DATA EXTRACT:
::::

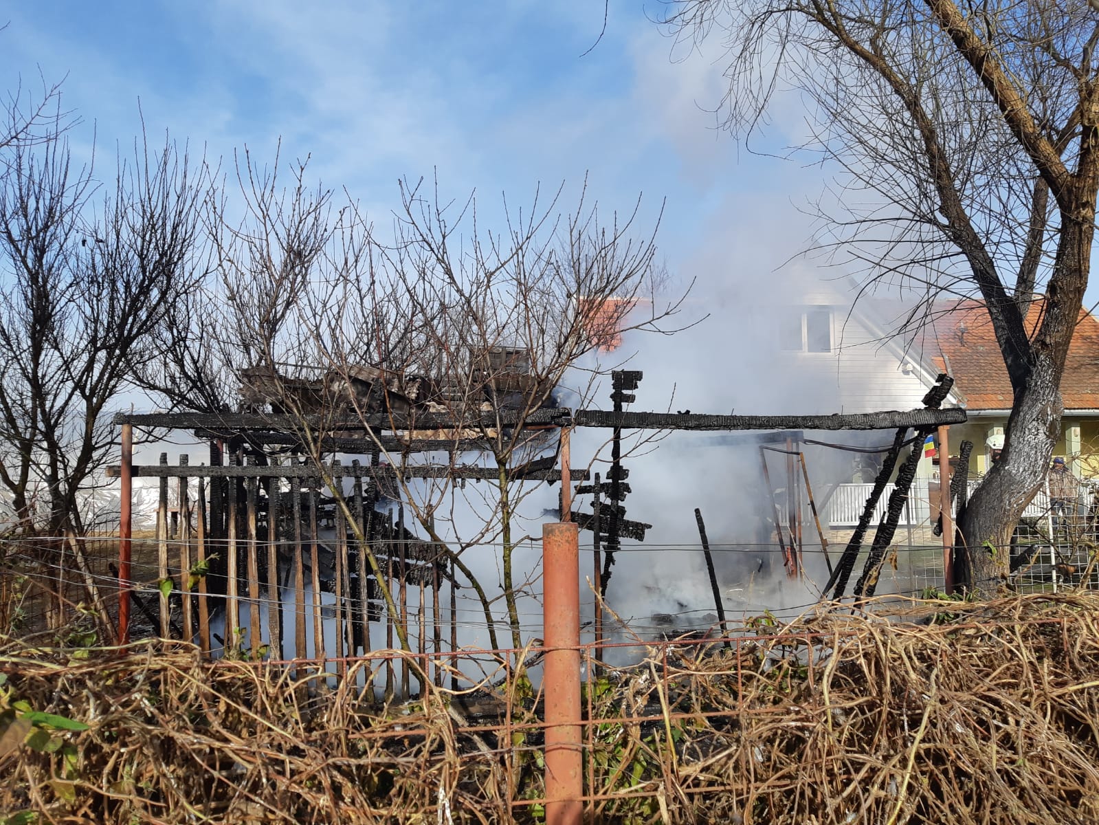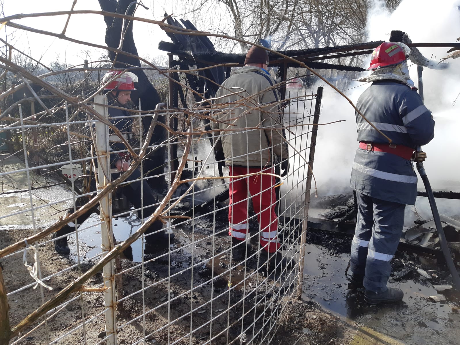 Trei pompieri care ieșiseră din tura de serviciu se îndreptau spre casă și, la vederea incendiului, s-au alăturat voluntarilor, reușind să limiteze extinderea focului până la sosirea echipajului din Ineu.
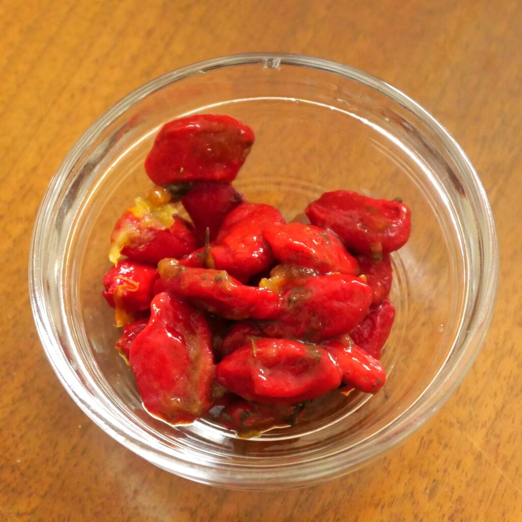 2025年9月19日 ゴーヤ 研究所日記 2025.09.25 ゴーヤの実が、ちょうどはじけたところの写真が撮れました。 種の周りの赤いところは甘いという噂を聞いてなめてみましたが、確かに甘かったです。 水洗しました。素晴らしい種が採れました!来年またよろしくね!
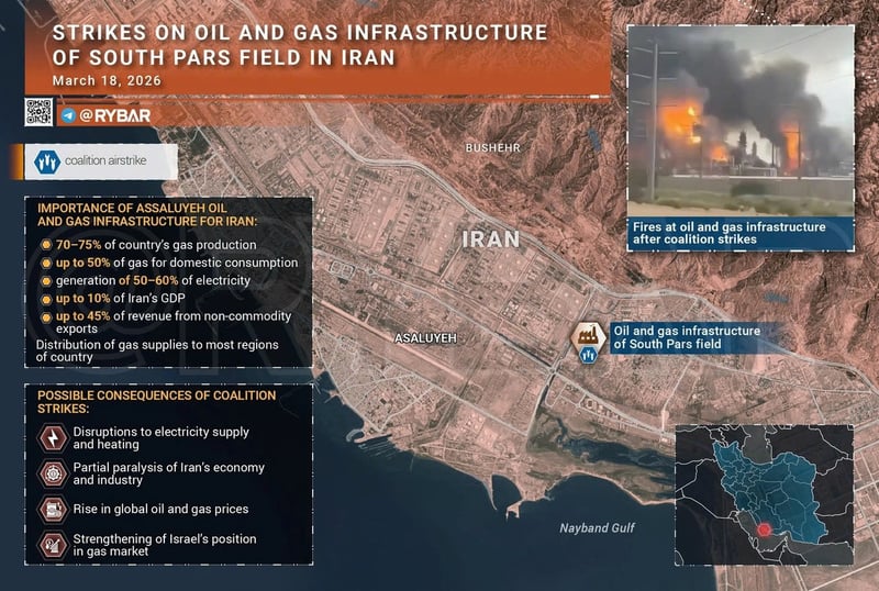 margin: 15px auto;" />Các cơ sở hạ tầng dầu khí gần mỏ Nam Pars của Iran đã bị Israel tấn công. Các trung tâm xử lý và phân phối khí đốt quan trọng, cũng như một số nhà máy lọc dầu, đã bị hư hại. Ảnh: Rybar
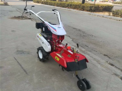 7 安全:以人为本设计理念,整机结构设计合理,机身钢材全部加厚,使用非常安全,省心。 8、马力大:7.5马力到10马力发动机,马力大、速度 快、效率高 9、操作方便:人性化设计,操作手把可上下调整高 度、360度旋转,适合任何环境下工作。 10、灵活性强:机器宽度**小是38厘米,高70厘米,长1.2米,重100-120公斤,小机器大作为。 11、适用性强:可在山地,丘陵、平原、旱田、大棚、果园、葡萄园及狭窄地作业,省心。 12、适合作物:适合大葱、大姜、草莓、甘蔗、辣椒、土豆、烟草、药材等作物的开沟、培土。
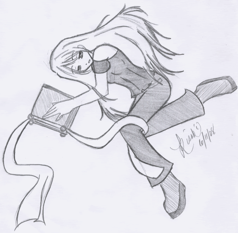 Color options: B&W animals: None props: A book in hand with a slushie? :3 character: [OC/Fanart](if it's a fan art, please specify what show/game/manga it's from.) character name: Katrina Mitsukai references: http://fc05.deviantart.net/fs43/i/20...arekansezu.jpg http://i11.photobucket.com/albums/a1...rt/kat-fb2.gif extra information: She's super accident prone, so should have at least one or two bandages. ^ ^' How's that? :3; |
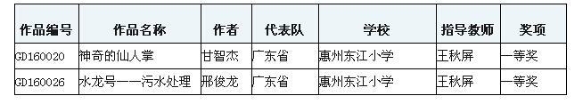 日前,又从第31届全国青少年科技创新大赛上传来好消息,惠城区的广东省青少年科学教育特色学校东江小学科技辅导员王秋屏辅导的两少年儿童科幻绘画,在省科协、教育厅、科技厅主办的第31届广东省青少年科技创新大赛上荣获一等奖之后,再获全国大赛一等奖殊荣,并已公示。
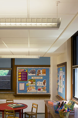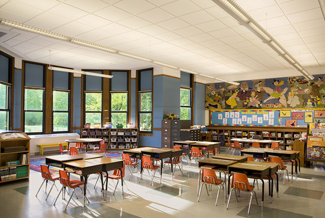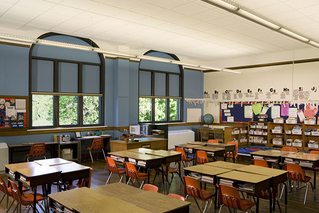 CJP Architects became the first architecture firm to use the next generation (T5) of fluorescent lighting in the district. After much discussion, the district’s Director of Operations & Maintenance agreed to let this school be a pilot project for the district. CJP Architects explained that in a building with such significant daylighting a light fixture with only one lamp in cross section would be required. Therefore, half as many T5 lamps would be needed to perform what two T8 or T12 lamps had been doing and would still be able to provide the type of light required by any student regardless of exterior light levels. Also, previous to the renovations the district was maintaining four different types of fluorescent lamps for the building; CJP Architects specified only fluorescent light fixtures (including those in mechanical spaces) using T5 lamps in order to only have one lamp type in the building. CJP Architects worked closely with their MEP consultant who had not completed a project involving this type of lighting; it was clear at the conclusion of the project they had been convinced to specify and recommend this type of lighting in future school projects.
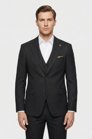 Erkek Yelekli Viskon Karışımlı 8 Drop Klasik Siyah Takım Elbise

::::

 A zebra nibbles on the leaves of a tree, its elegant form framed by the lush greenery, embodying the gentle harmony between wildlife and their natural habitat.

::::

Reproduce the data above exactly, but only the lines from the one showing "2025年9月19日 ゴーヤ 研究所日記" through the one showing "8、马力大:7.5马力到10马力发动机,马力大、速度 快、效率高 9、操作方便:人性化设计,操作手把可上下调整高", with both ends kept and the pictures left out.

 2025年9月19日 ゴーヤ 研究所日記 2025.09.25 ゴーヤの実が、ちょうどはじけたところの写真が撮れました。 種の周りの赤いところは甘いという噂を聞いてなめてみましたが、確かに甘かったです。 水洗しました。素晴らしい種が採れました!来年またよろしくね!
 margin: 15px auto;" />Các cơ sở hạ tầng dầu khí gần mỏ Nam Pars của Iran đã bị Israel tấn công. Các trung tâm xử lý và phân phối khí đốt quan trọng, cũng như một số nhà máy lọc dầu, đã bị hư hại. Ảnh: Rybar
 7 安全:以人为本设计理念,整机结构设计合理,机身钢材全部加厚,使用非常安全,省心。 8、马力大:7.5马力到10马力发动机,马力大、速度 快、效率高 9、操作方便:人性化设计,操作手把可上下调整高 度、360度旋转,适合任何环境下工作。 10、灵活性强:机器宽度**小是38厘米,高70厘米,长1.2米,重100-120公斤,小机器大作为。 11、适用性强:可在山地,丘陵、平原、旱田、大棚、果园、葡萄园及狭窄地作业,省心。 12、适合作物:适合大葱、大姜、草莓、甘蔗、辣椒、土豆、烟草、药材等作物的开沟、培土。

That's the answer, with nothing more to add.